**Required action:** Where a picture occurs in the data, omit it, and copy all remaining data exactly.

**Input data:**
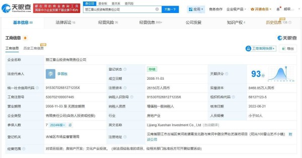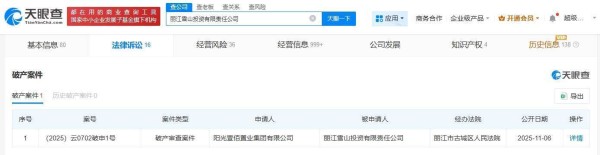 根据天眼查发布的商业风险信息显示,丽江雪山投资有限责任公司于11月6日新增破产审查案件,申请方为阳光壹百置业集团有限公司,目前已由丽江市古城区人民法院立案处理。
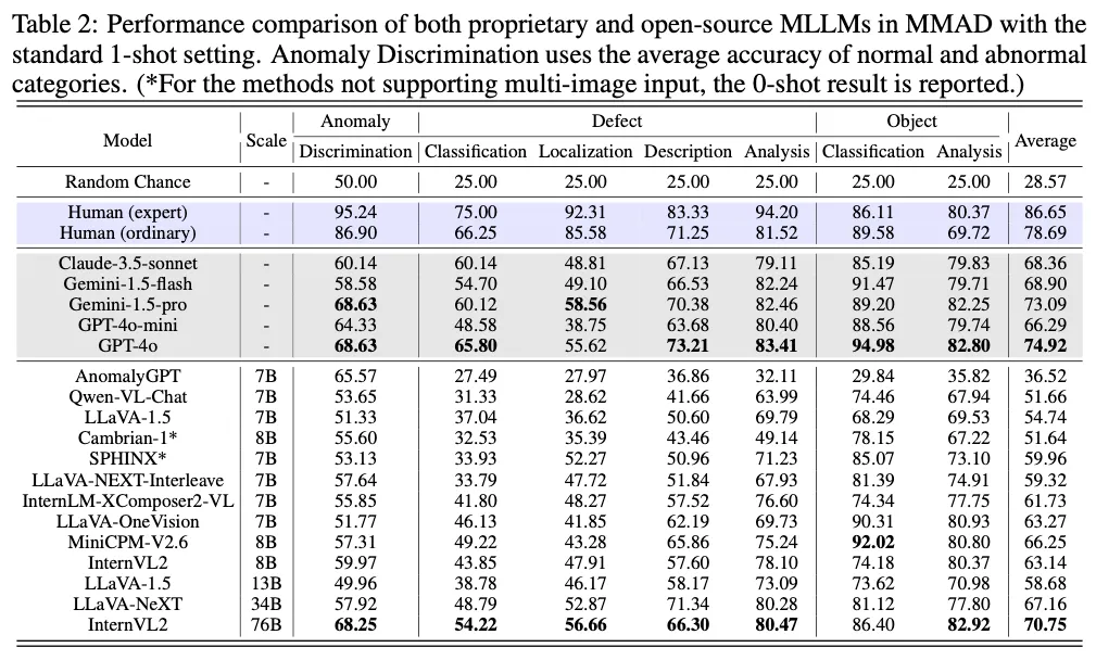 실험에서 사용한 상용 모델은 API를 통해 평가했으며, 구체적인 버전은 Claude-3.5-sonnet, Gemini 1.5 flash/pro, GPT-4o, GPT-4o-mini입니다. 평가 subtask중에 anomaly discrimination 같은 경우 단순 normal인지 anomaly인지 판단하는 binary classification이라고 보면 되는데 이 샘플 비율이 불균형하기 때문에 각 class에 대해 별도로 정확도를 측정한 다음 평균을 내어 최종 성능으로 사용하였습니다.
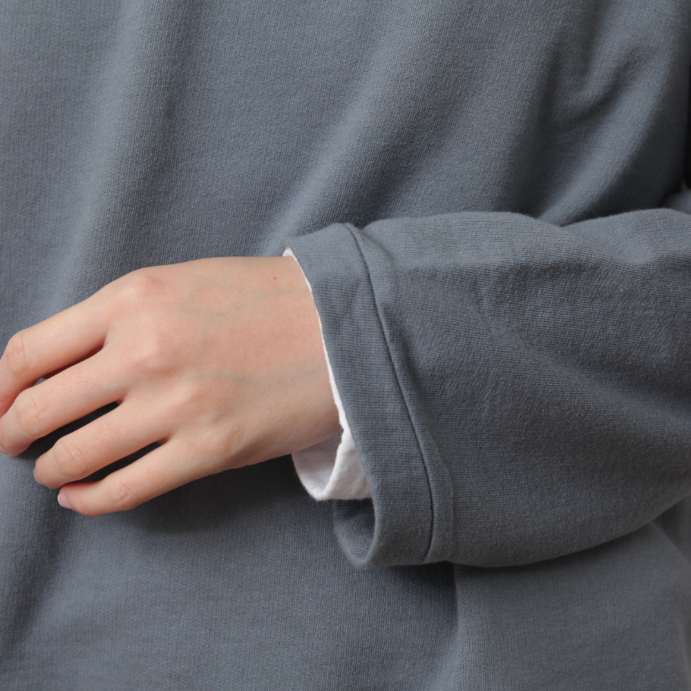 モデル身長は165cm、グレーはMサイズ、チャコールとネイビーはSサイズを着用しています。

**Reply to the exercise:**
 根据天眼查发布的商业风险信息显示,丽江雪山投资有限责任公司于11月6日新增破产审查案件,申请方为阳光壹百置业集团有限公司,目前已由丽江市古城区人民法院立案处理。
 실험에서 사용한 상용 모델은 API를 통해 평가했으며, 구체적인 버전은 Claude-3.5-sonnet, Gemini 1.5 flash/pro, GPT-4o, GPT-4o-mini입니다. 평가 subtask중에 anomaly discrimination 같은 경우 단순 normal인지 anomaly인지 판단하는 binary classification이라고 보면 되는데 이 샘플 비율이 불균형하기 때문에 각 class에 대해 별도로 정확도를 측정한 다음 평균을 내어 최종 성능으로 사용하였습니다.
 モデル身長は165cm、グレーはMサイズ、チャコールとネイビーはSサイズを着用しています。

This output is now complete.